Defendants cite Cervantez v. Bexar County Civil Service Commission, 99 F.3d 730 (5th Cir. 1996) for the proposition that "[t]he scope of federal jurisdiction . . . 'is broader than the existence of a cause of action'" in the plaintiff's pleadings. Defs.' Resp. 9 (Doc. No. 18). Cervantez is the only case Defendants cite in support of the assertion underlying Defendants' removal—namely that "removal is proper even when the plaintiff may not have pled a federal cause of action." Defs.' Resp. 10 (Doc. No. 18). However, Cervantez does not support this statement at all. In Cervantez (where the Fifth Circuit held that the action would have been removable, had notice of removal been timely filed), the plaintiff amended his state court petition to allege that "he was 'entitled to the affirmative relief he seeks . . . pursuant to . . . Title 42 of the United States Code, Section 1983.'" 99 F.3d at 733. Thus, in Cervantez, the plaintiff did plead a federal cause of action. Here, by contrast, neither Mr. Ngo's initial petition nor his amended petition stated a federal cause of action, nor any other basis for federal question jurisdiction. Because the Fifth Circuit in Cervantez concluded that the plaintiff stated a federal claim on the face of his amended petition, the Cervantez court had no opportunity to address the issue presented here and in Eggert—whether a plaintiff's statements in papers other than the complaint are sufficient to establish federal question jurisdiction.
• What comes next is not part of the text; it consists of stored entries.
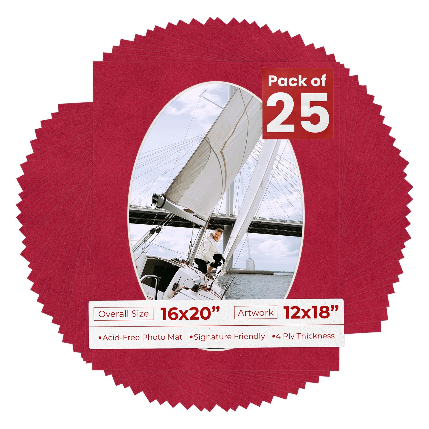 Red Suede Mat Board for 16x20 Frames - Oval Opening for 12x18 Photos
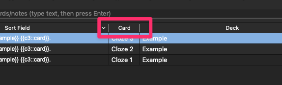 This will order your cards by this column. So all of the âcloze 3â cards will be in a row, etc. From here, you can select all of just the cloze-3 cards in isolation.
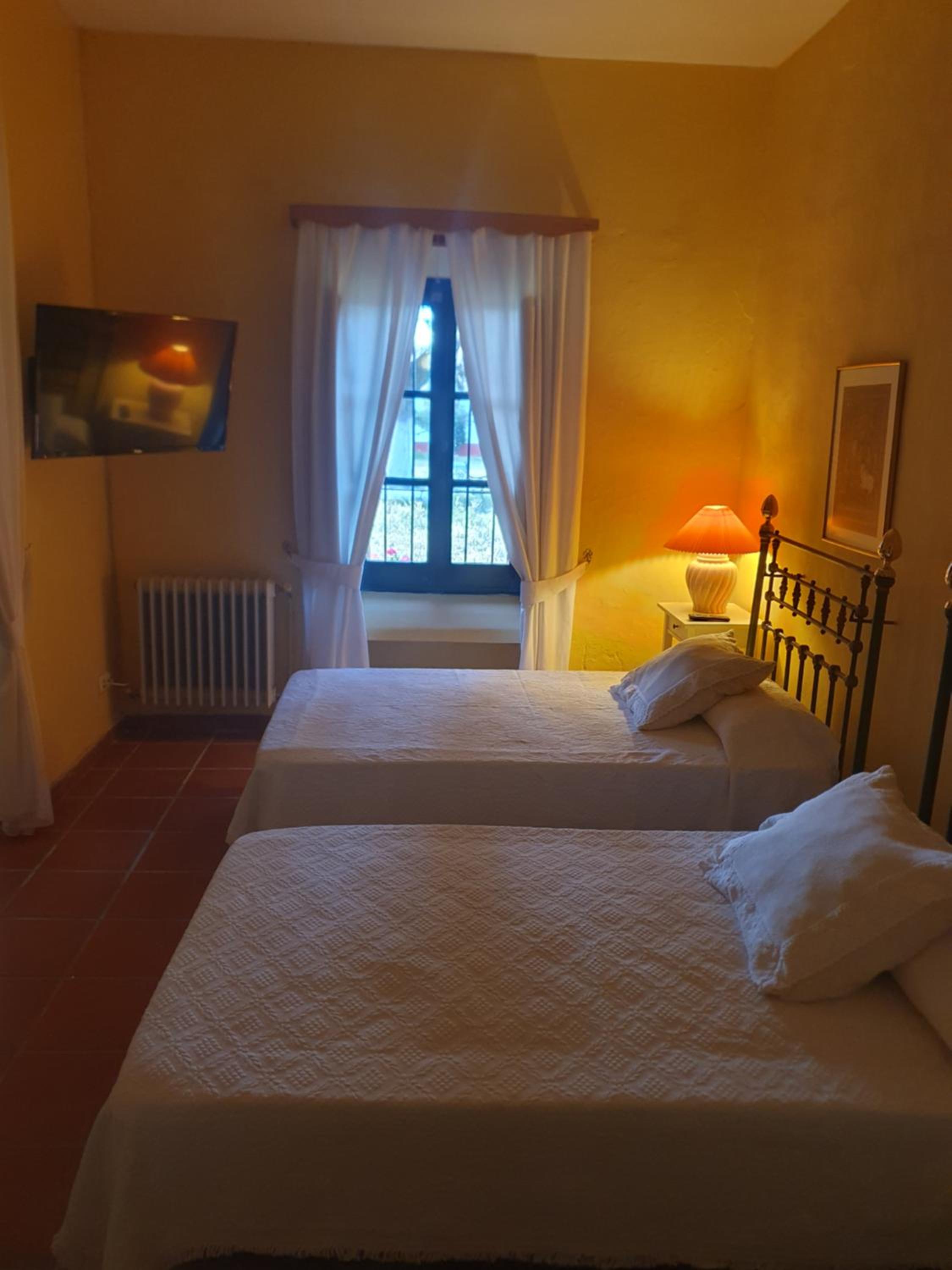 Bed too small for a double- bed linen was not cotton but polyester - needed to be a simple duvet and cover - towels very old and grey looking- light in bathroom not working properly - these are minor compared to ambiance, food and setting

As the Eggert court explained, "[t]ypically, a plaintiff will have brought a state law claim against a diverse party but will not have alleged the amount in controversy in the complaint; a later document will then establish a sufficient amount in controversy, creating federal diversity jurisdiction." Eggert, 223 F. App'x at 397. --------
In Eggert, the Fifth Circuit held that the plaintiff's cursory reference to federal law in an interrogatory response was not sufficient for removal based on federal question jurisdiction because the plaintiff's state court petition unambiguously alleged only state law claims. 223 F. App'x at 398. Eggert held that, where the putative federal-law claim does "not appear in the pleadings," and where the references to federal law in the "other paper" do not "clarify any possible federal nature of the claims made in the pleadings," removal on the basis of statements in "other paper" is "inconsistent with the well-pleaded complaint rule and the intent of § 1446(b)." Id. In other words, federal courts may rely on the "other paper" doctrine to ascertain federal question jurisdiction "only to clarify the ambiguous nature of an existing claim." Freeman v. Phillips 66 Co., No. CIV.A. 14-2257, 2014 WL 7330620, at *2 (E.D. La. Dec. 18, 2014). There is not "a single case where a federal court has used the 'order or other paper' rule to inject a federal question into a complaint that alleges strictly state law based claims." Dougherty, 987 F. Supp. 2d at 730.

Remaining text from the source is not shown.